_WORK ORDER_
Set down all of the data exactly. Pictures stay out of the copy.

_GIVEN DATA_
• • •

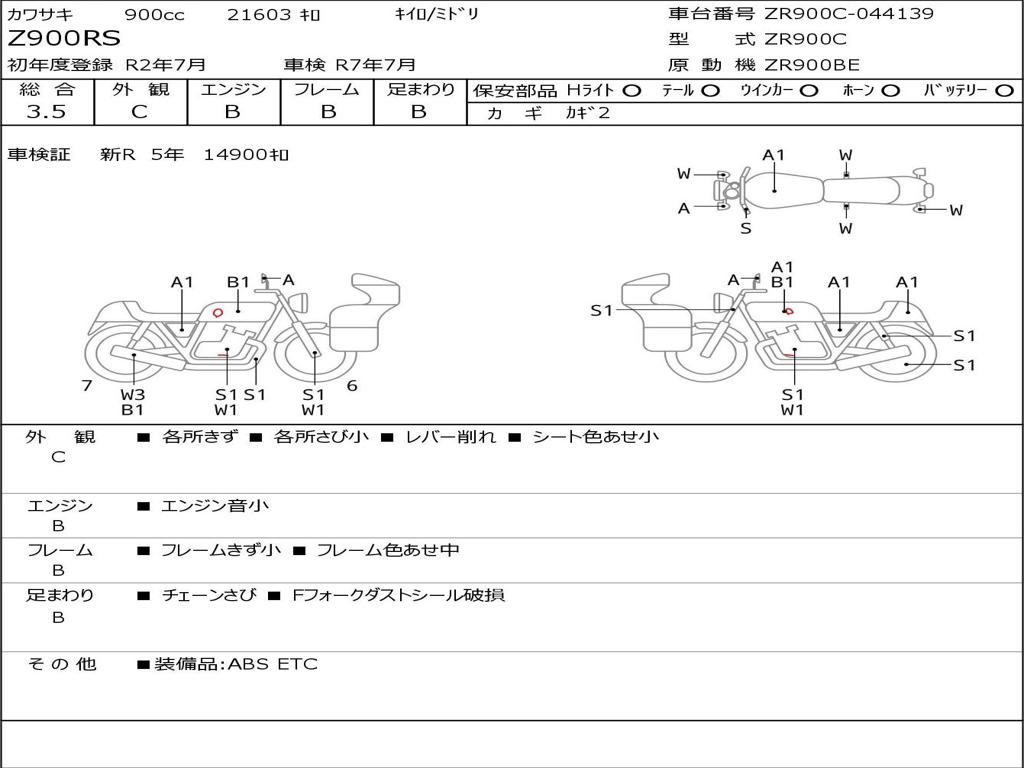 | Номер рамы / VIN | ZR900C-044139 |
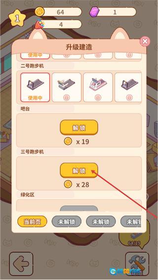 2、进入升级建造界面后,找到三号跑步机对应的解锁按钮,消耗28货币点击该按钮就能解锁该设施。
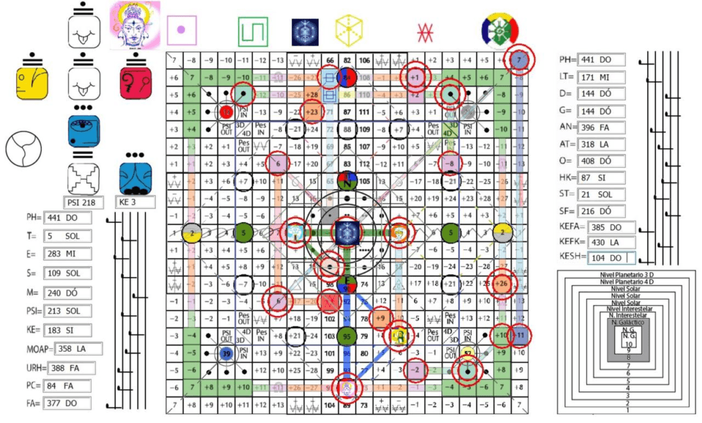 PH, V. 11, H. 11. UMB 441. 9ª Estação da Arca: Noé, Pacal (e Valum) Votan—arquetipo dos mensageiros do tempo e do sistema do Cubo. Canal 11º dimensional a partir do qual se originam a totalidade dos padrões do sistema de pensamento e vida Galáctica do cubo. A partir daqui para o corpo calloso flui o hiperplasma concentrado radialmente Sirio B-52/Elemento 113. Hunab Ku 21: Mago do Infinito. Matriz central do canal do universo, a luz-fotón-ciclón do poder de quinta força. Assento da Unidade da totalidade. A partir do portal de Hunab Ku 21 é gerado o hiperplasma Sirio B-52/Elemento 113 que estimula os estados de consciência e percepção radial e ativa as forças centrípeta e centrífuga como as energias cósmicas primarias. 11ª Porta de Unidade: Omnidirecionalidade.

• • •

_RESULT OF THIS EXERCISE_
 | Номер рамы / VIN | ZR900C-044139 |
 2、进入升级建造界面后,找到三号跑步机对应的解锁按钮,消耗28货币点击该按钮就能解锁该设施。
 PH, V. 11, H. 11. UMB 441. 9ª Estação da Arca: Noé, Pacal (e Valum) Votan—arquetipo dos mensageiros do tempo e do sistema do Cubo. Canal 11º dimensional a partir do qual se originam a totalidade dos padrões do sistema de pensamento e vida Galáctica do cubo. A partir daqui para o corpo calloso flui o hiperplasma concentrado radialmente Sirio B-52/Elemento 113. Hunab Ku 21: Mago do Infinito. Matriz central do canal do universo, a luz-fotón-ciclón do poder de quinta força. Assento da Unidade da totalidade. A partir do portal de Hunab Ku 21 é gerado o hiperplasma Sirio B-52/Elemento 113 que estimula os estados de consciência e percepção radial e ativa as forças centrípeta e centrífuga como as energias cósmicas primarias. 11ª Porta de Unidade: Omnidirecionalidade.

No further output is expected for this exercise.